REQUIREMENT: From the listing below, give again exactly the lines from the line with "Adorable smiling toddler" to the line with "Sunscreen Gloves Women's", ends included, without any pictures.

DATA TO USE:
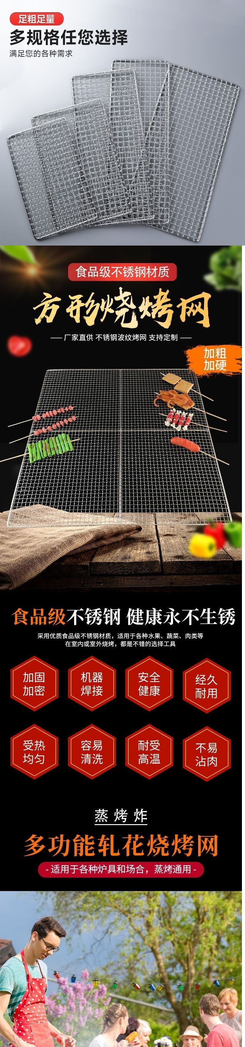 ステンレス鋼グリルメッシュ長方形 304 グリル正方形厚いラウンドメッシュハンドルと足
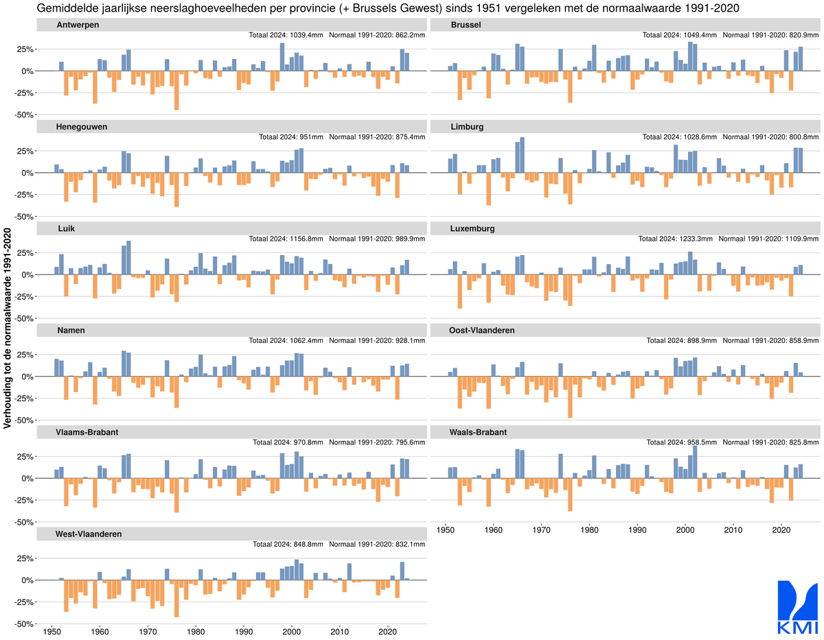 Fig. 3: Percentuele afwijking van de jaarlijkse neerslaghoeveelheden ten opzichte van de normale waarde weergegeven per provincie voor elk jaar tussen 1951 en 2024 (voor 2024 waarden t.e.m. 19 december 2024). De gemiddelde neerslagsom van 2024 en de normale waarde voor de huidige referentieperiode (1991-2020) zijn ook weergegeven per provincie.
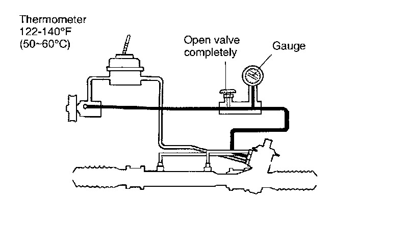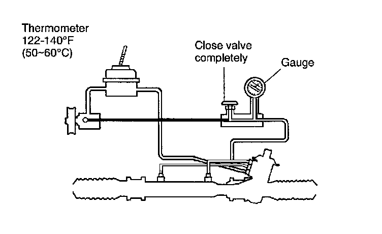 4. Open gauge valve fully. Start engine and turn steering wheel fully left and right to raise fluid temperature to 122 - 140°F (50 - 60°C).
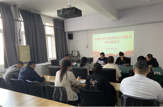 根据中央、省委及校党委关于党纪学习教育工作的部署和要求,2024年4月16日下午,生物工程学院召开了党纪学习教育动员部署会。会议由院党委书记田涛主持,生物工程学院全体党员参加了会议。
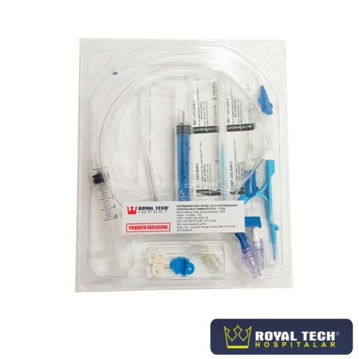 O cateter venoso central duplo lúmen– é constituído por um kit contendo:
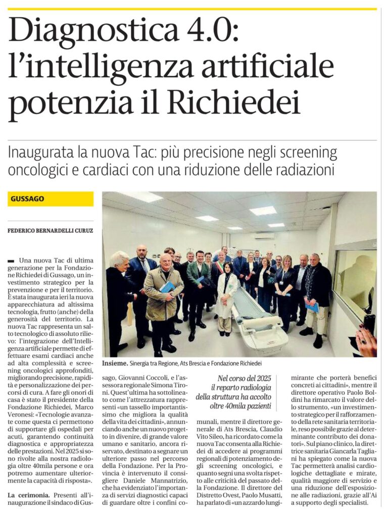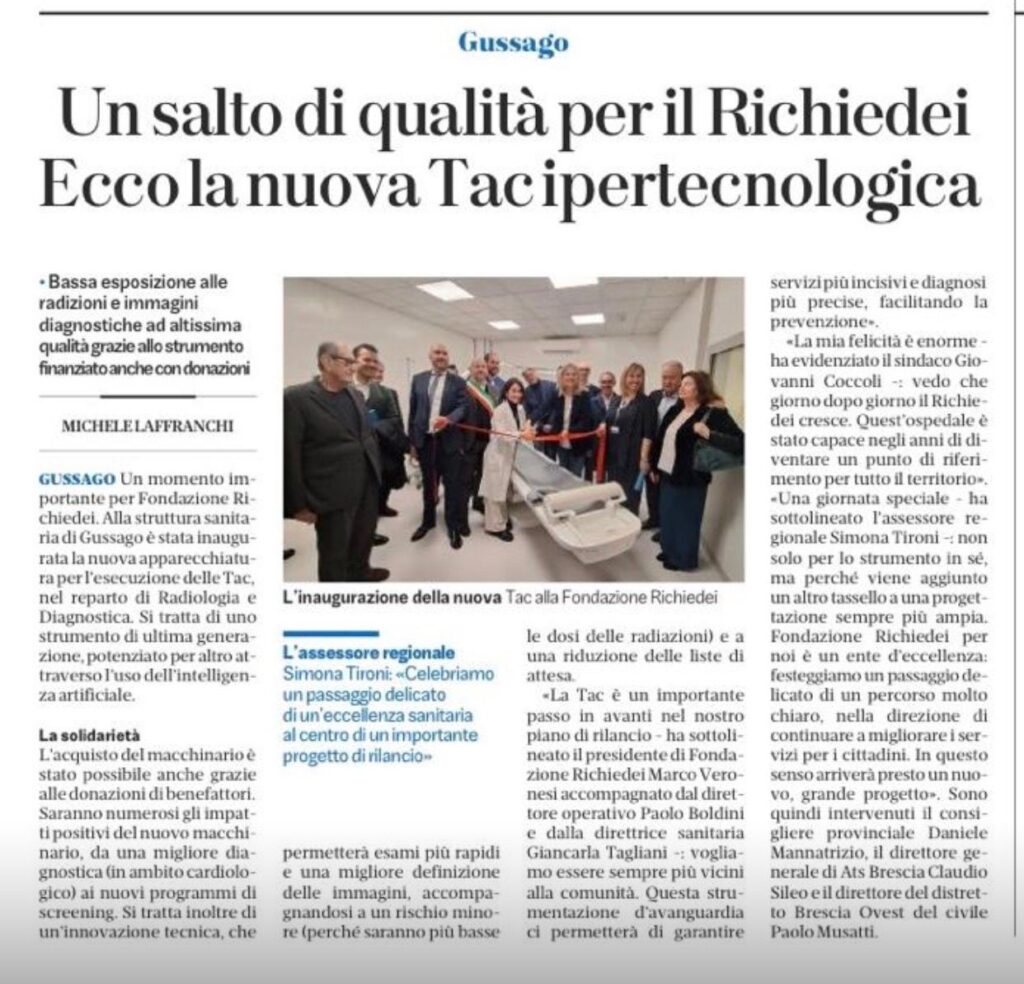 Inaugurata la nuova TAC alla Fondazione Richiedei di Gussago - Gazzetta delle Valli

---

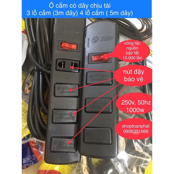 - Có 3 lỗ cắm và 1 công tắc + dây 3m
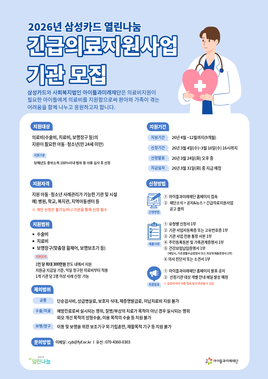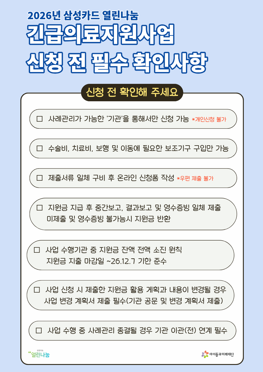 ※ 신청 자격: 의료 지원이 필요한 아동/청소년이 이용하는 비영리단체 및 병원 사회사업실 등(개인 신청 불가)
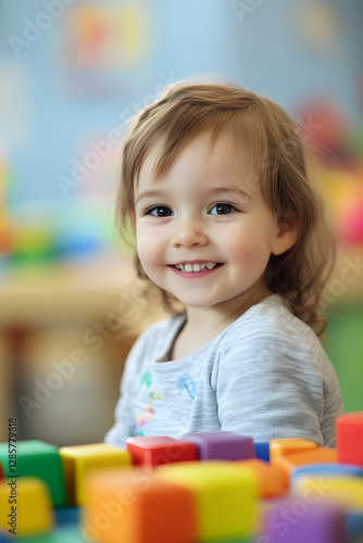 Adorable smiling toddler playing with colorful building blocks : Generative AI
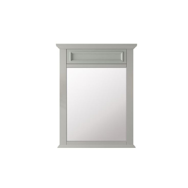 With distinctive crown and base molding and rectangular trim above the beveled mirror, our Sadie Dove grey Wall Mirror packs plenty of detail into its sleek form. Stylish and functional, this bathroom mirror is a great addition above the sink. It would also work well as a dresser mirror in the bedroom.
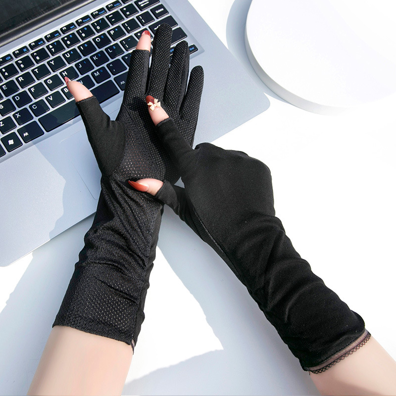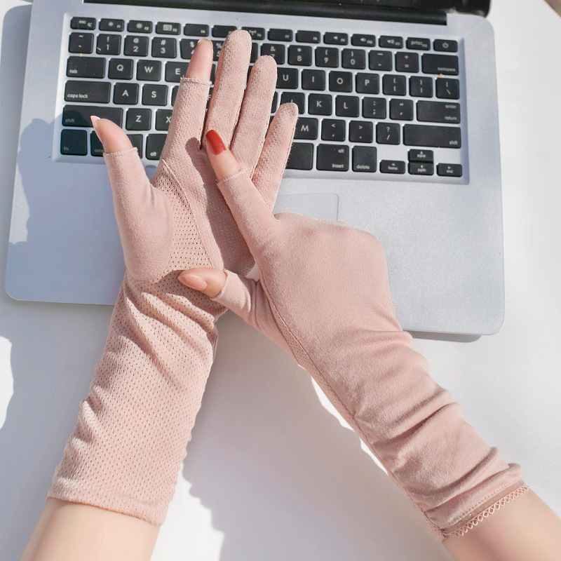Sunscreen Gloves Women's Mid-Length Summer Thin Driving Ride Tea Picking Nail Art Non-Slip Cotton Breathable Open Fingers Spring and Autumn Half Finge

---

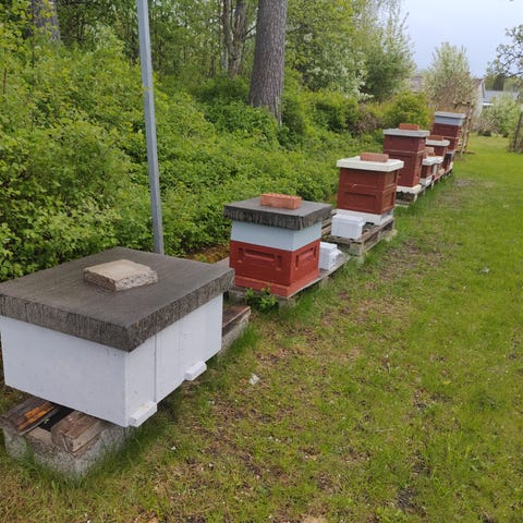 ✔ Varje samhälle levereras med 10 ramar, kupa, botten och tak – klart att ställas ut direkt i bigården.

TASK RESPONSE:
 Adorable smiling toddler playing with colorful building blocks : Generative AI
 With distinctive crown and base molding and rectangular trim above the beveled mirror, our Sadie Dove grey Wall Mirror packs plenty of detail into its sleek form. Stylish and functional, this bathroom mirror is a great addition above the sink. It would also work well as a dresser mirror in the bedroom.
Sunscreen Gloves Women's Mid-Length Summer Thin Driving Ride Tea Picking Nail Art Non-Slip Cotton Breathable Open Fingers Spring and Autumn Half Finge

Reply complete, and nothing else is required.